Top of Dataset extract

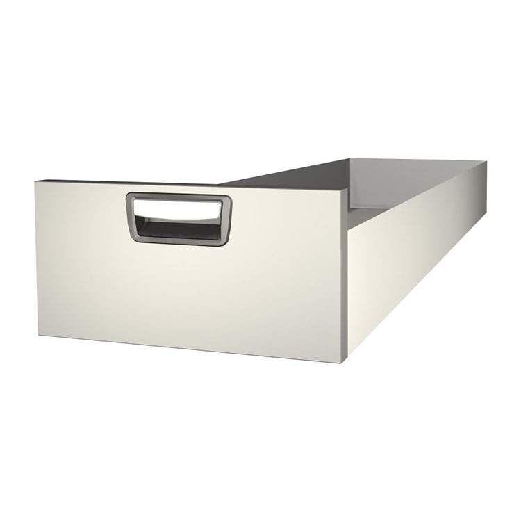 Robuste, extralange Schublade für den Einbau in einem Schubladenmodul. Die aus Aluminium gefertigte Schublade ist serienmäßig kugelgelagert. Die Mischung aus festen und flexiblen Lagern macht die Schublade stabil und einfach zu bedienen.
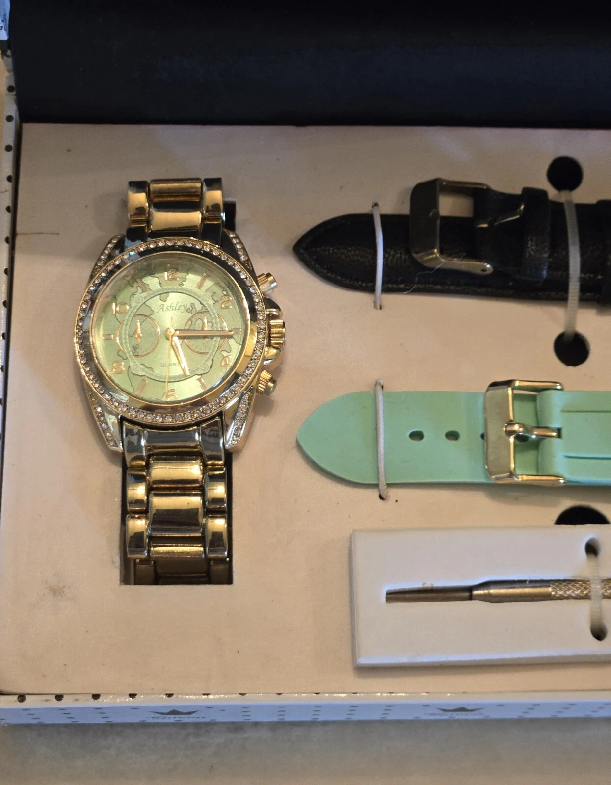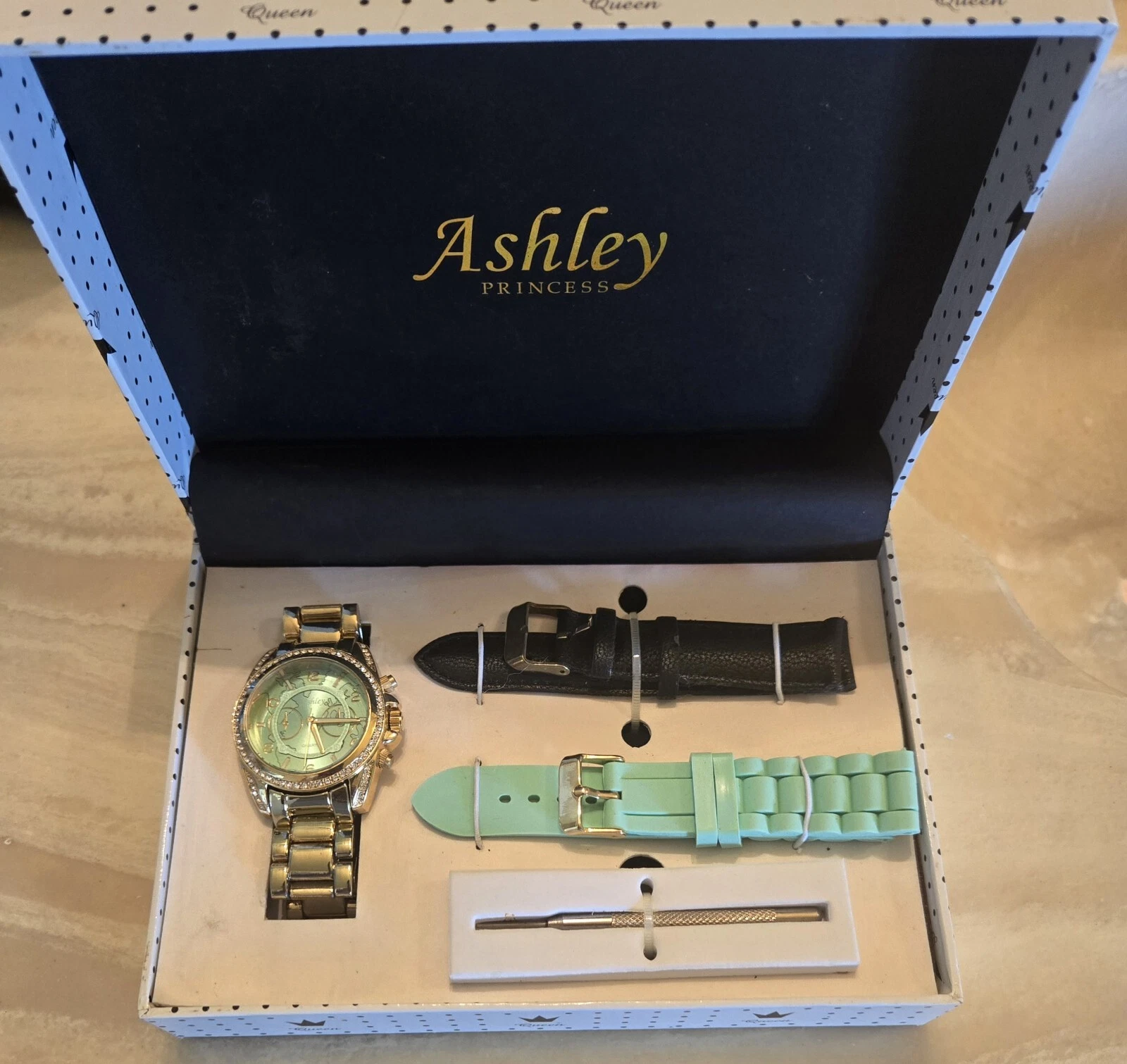 Ashley Princess Queen Watch 7694 GLD-MINT Needs New Battery
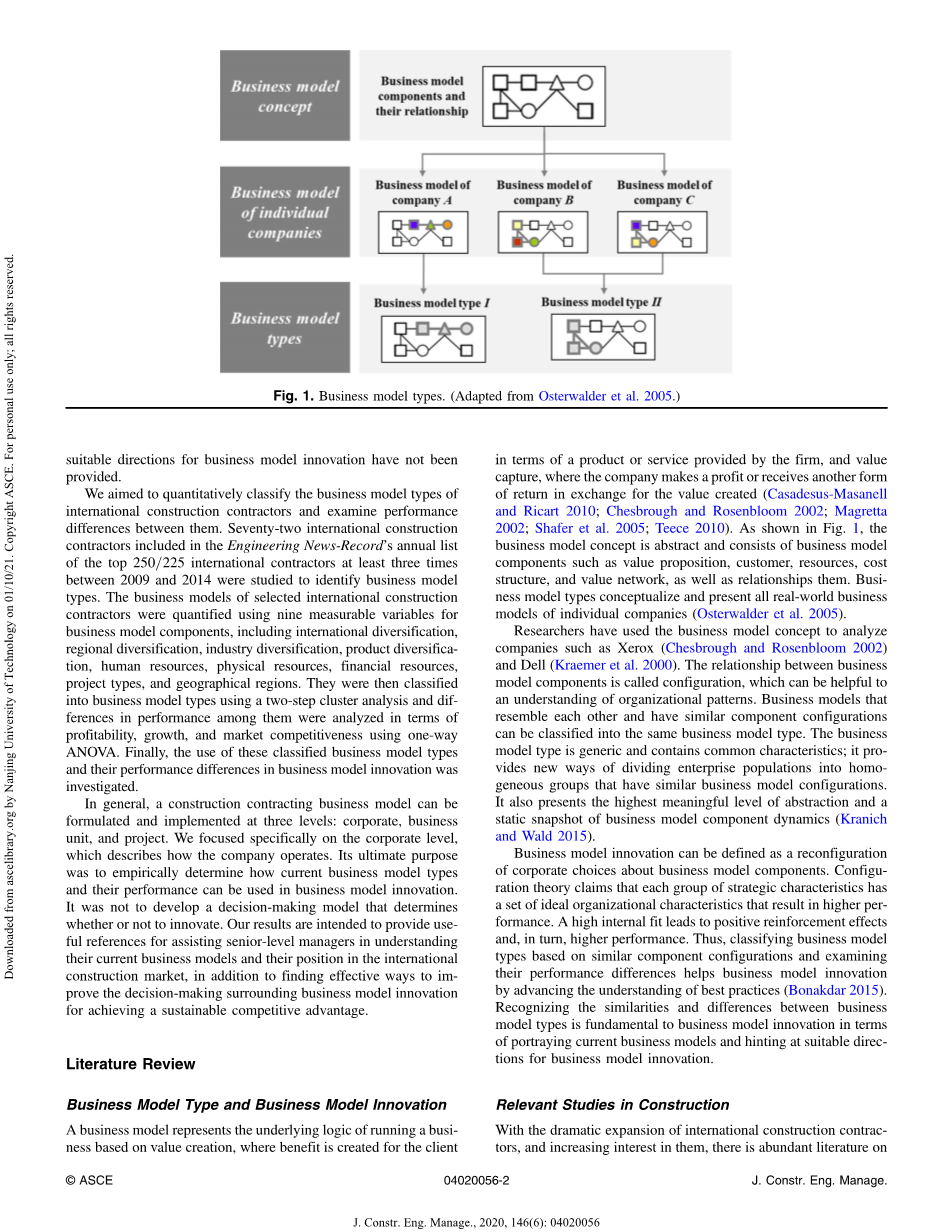 随着建筑承包商面临更加复杂和竞争激烈的商业环境,他们正在将业务扩展到国际市场,以生存和保持竞争力(Jang等,2019a)。为了在国际市场上生存并保持竞争力,建筑承包商应该在公司层面追求竞争优势的可持续性,而不是因为在项目层面的暂时竞争地位而立即实现利润最大化。在这方面,商业模式创新对于实现公司的成功和可持续竞争优势至关重要,因此受到了学术界和从业者的高度关注(Chesbrough,2010;Schneider和Spieth,2013;Teece,2010;Zott等,2011)。Busi- ness模式创新关注的是寻找持续改进的方法。Casadesus-Masanell和Zhu(2013)将商业模式创新定义为:发现新的商业模式的过程并为利益相关者设计新的价值创造和价值获取方法。在企业层面上,商业模式创新涉及到企业率选择的变化和/或重构,从而形成价值创造和价值获取逻辑(Casadesus-Masanell等,2015)。高层管理者在进行商业模式创新决策时,必须了解当前商业模式的现状,判断商业模式是否需要创新,并找到成功创新的有效途径。这一过程可以通过对现有商业模式类型的分析来进行超前判断。对现有商业模式类型进行分类,是商业模式创新相关战略决策的第一步。这是因为现有的商业模式类型不仅描绘了当前的商业模式,而且提示了商业模式创新的合适方向(Bonakdar,2015)。系统地利用现有的商业模式类型是商业模式创新的一个重要方面,因为它是有效的、低风险的(Hampton,1997)。
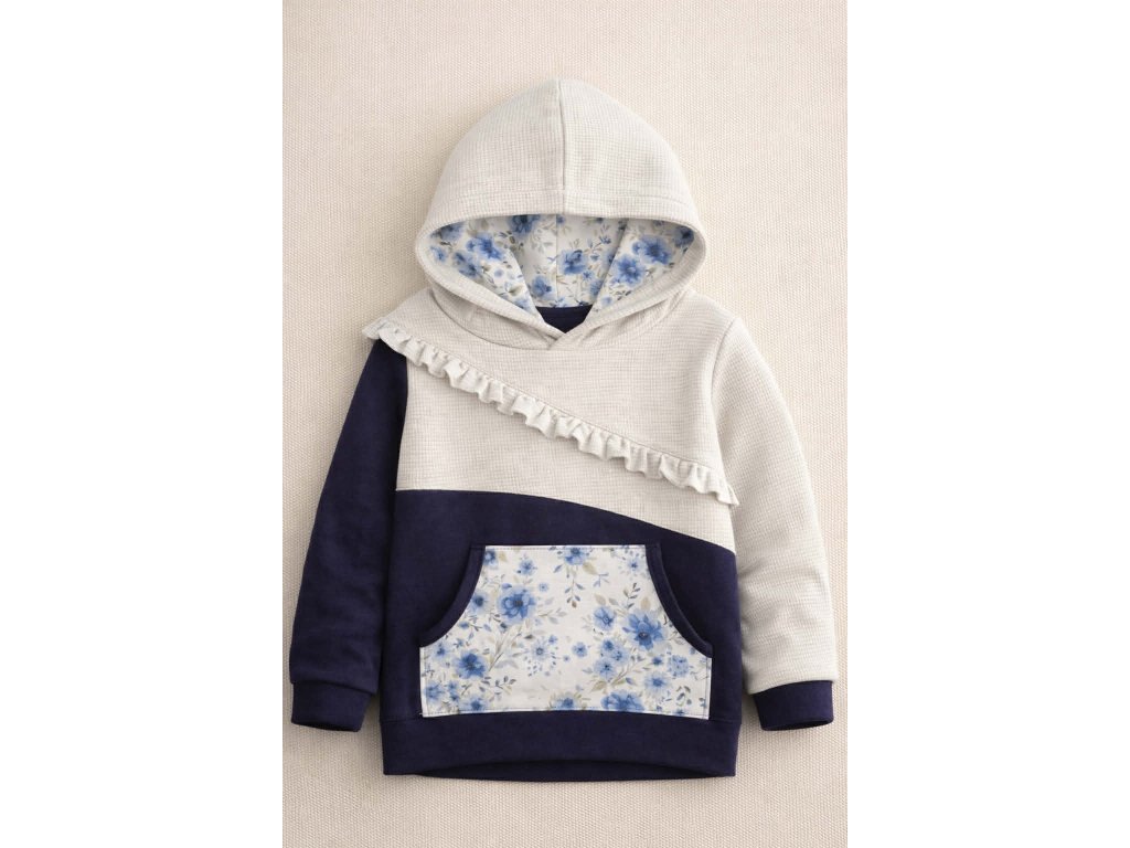 Romantická dívčí mikina v jemném růžovém odstínu, která zaujme propracovanými detaily. Spodní část mikiny a vnitřek kapuce zdobí květinový vzor, který krásně ladí s jednobarevným vrškem. Volánek v pase a na rukávech dodává mikině něžný, dívčí vzhled.

Bottom of Dataset extract

> What you should do: An exact copy of all the lines above is required, with the pictures removed.

> Response to the task:
 Robuste, extralange Schublade für den Einbau in einem Schubladenmodul. Die aus Aluminium gefertigte Schublade ist serienmäßig kugelgelagert. Die Mischung aus festen und flexiblen Lagern macht die Schublade stabil und einfach zu bedienen.
 Ashley Princess Queen Watch 7694 GLD-MINT Needs New Battery
 随着建筑承包商面临更加复杂和竞争激烈的商业环境,他们正在将业务扩展到国际市场,以生存和保持竞争力(Jang等,2019a)。为了在国际市场上生存并保持竞争力,建筑承包商应该在公司层面追求竞争优势的可持续性,而不是因为在项目层面的暂时竞争地位而立即实现利润最大化。在这方面,商业模式创新对于实现公司的成功和可持续竞争优势至关重要,因此受到了学术界和从业者的高度关注(Chesbrough,2010;Schneider和Spieth,2013;Teece,2010;Zott等,2011)。Busi- ness模式创新关注的是寻找持续改进的方法。Casadesus-Masanell和Zhu(2013)将商业模式创新定义为:发现新的商业模式的过程并为利益相关者设计新的价值创造和价值获取方法。在企业层面上,商业模式创新涉及到企业率选择的变化和/或重构,从而形成价值创造和价值获取逻辑(Casadesus-Masanell等,2015)。高层管理者在进行商业模式创新决策时,必须了解当前商业模式的现状,判断商业模式是否需要创新,并找到成功创新的有效途径。这一过程可以通过对现有商业模式类型的分析来进行超前判断。对现有商业模式类型进行分类,是商业模式创新相关战略决策的第一步。这是因为现有的商业模式类型不仅描绘了当前的商业模式,而且提示了商业模式创新的合适方向(Bonakdar,2015)。系统地利用现有的商业模式类型是商业模式创新的一个重要方面,因为它是有效的、低风险的(Hampton,1997)。
 Romantická dívčí mikina v jemném růžovém odstínu, která zaujme propracovanými detaily. Spodní část mikiny a vnitřek kapuce zdobí květinový vzor, který krásně ladí s jednobarevným vrškem. Volánek v pase a na rukávech dodává mikině něžný, dívčí vzhled.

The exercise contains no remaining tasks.